Third, the comparison between variant A and variant B reveals that merely injecting boundary information into the Region-Aware Decoder, without direct supervision of the Boundary-Aware Decoder, results in a slight drop in performance. This suggests that boundary features need explicit supervision to be fully effective, otherwise their contribution becomes diluted in the feature fusion process.
Finally, the optimized design (variant C), where dual supervision is applied to both decoders achieves the best balance, with Dice maintained at 91.61% and HD95 reduced to 12.22, the lowest among all settings. This demonstrates that our Pyramid Fusion + dual-supervision strategy not only maximizes average segmentation accuracy but also significantly improves robustness against boundary ambiguity.

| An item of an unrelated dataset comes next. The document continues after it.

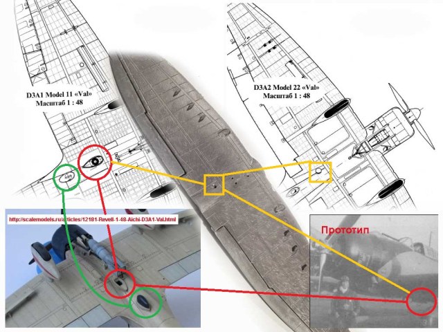- на модификации D3A1 люк для бомбового прицела (на рисунке обозначен красным цветом) имел другой вид, что хорошо просматривается на чертеже, на фотографии модели (взял на Скале), и на фотографии прототипа.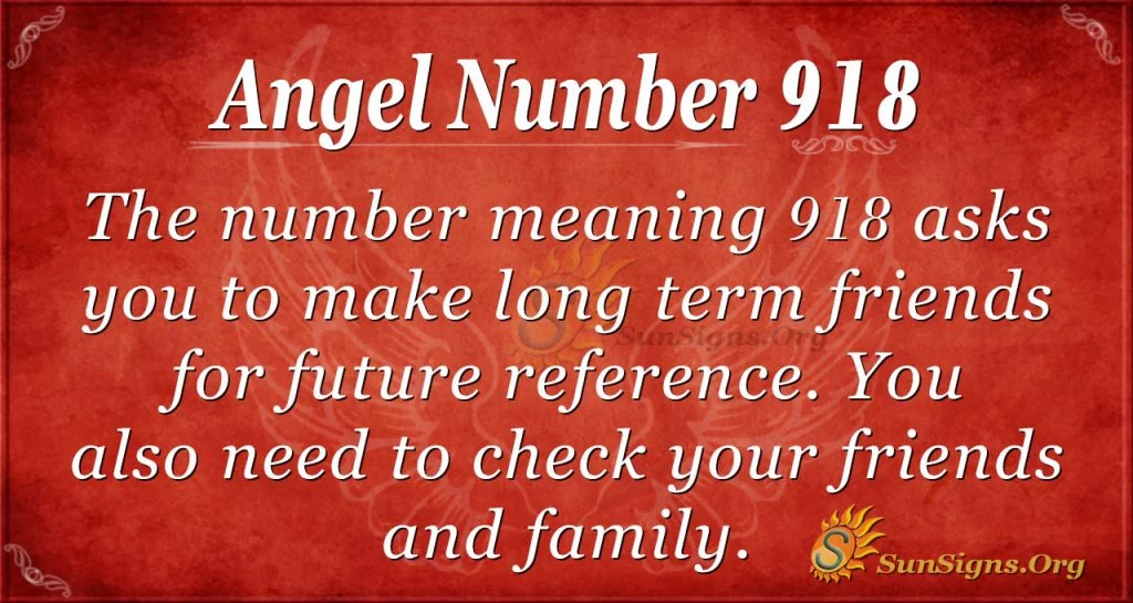 What does 918 mean spiritually? Your friends are a great asset in life, especially during tough times. Thus, you need to find better ways to nurture and maintain healthy relationships with others. Look for like-minded guys and make new friends; you can join some centered groups that focus on some of your interests.

Overall, the ablation results confirm three key principles: (1) hybrid CNN–Transformer backbones provide complementary feature representations, (2) explicit boundary modeling is essential for accurate lesion delineation, and (3) dual-task supervision ensures the effective utilization of boundary information. These insights validate the architectural choices in PFF-Net and explain its consistent superiority in the main experiments.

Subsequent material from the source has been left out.